Countries with High Natural Resource Rent Incomes
Many countries are heavily dependent on the revenue from natural resource rents, as it accounts for a large portion of their Gross Domestic Product (GDP).
Kuwait's oil rent changed it from a desert state to a modern state. It used its revenues to modernize and provides its citizens essential services such as free healthcare, education, and social security. However the exploitation of oil was done in an ad hoc fashion and poor government policies and subsidies that have affected its efficiency. In the last few decades its economy has therefore deteriorated.
Oil and gas rents give the Republic of Congo 48.2% of its revenue. The governance is poor with no control over corruption, so it has suffered more from the 'curse of resources'.
Oil rents account for 43.3% of Equatorial Guinea's GDP. Though its per capita income was $35,000, the highest in Africa, 75% of the population lived on less than the equivalent of US $700 Dollars per year. The inequality has been created due to corruption, and an inefficient autocratic government, where the revenues was used more for armed conflict. Moreover they have also damaged the environment.
Iraq has 9% of the world's oil resources, much of which is not yet used. Furthermore, it has phosphate rock mines that are also one of the largest in the world. Together its two resources are worth nearly 16 trillion dollars. The natural resources rents contribute 41.5% of its revenue.
Saudi Arabia is rich in oil and gas, and accounts for 41.1% of its GDP. It has 20% of the world's stock of oil, and its gas reserves are the fifth largest in the world. Together these two natural resources are worth 34 trillion dollars.
Mineral rents from gold, bauxite, phosphates, lead, zinc, and nickel give the Solomon Islands 41% of its revenue.
The Democratic Republic of the Congo (DRC) has minerals worth nearly 24 trillion dollars. DRC is a major global supplier of copper, accounting for 14% of its global output, as well as coltan (70% of global output), diamonds (34% of global output), and gold. Though its mineral and oil rents account for 38.1% of its GDP, poverty in the DRC has been increasing in recent years nonetheless.
Gabon's natural resource rents amounting to 37.4% come from oil.
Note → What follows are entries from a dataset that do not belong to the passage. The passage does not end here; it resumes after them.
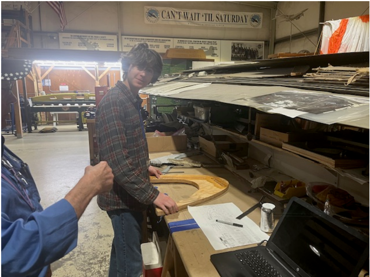
I think I know this craftsman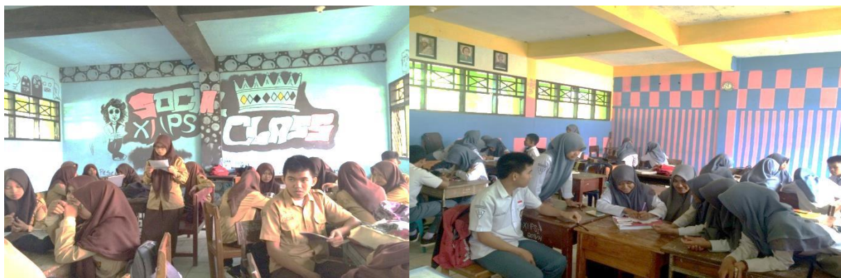
Picture 7. The students showed their activeness in learning process

In the other side, the observational sheet of the students' activity towards tea party strategy in the second cycle (see Appendix. X) was better than the previous observation. The mean score of the observation was up to 3.6%. Most of the students showed their activeness in learning process (see the poughtures below). It can be seen that the students were not ashamed in asking or clarifying their understanding of the test, sharing and discussing the test as well as comprehending the text well.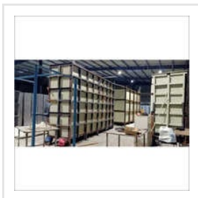
RECTANGULAR PP Storage Tank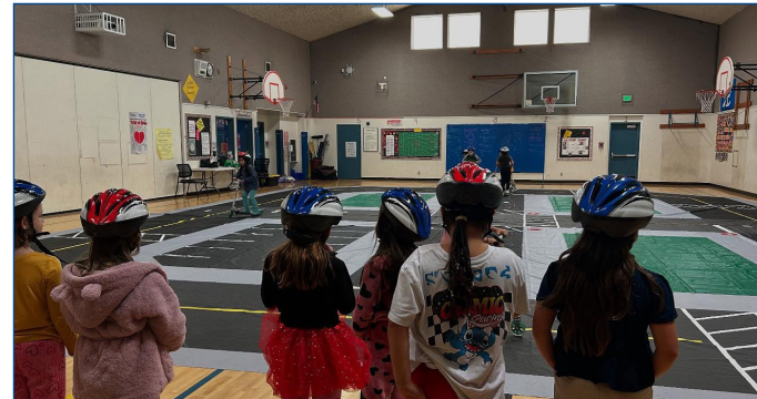
The Mobile Traffic Garden at Lydia Hawk Elementary.

A traffic garden is a miniature streetscape that includes realistic traffic features such as intersections, roundabouts and crosswalks. The garden provides an environment for children to learn and practice bicycle and pedestrian safety skills free from motorized vehicles.

Similar to DRC, it has however not been able to prosper, and has seen increasing poverty due to its resource rents.
Libya's oil, gas and gypsum rents are a major source of revenue (36.8%), with oil making up 95% of its export.
Mauritania is rich in iron ore, gypsum, copper, phosphate, diamonds, gold, and oil that contribute 33.6% of its revenue.
Risks Associated with Dependence on Natural Resource Rents
One of the dangers associated with resource rents is that a country is in fact liquidating their capital. In addition, studies indicate that countries dependent on natural resource rents, especially energy rents are prone to civil wars, when governance is poor. When the revenue from the rents are used only for current consumption, and not to build any other form of capital, the country is effective borrowing from its future.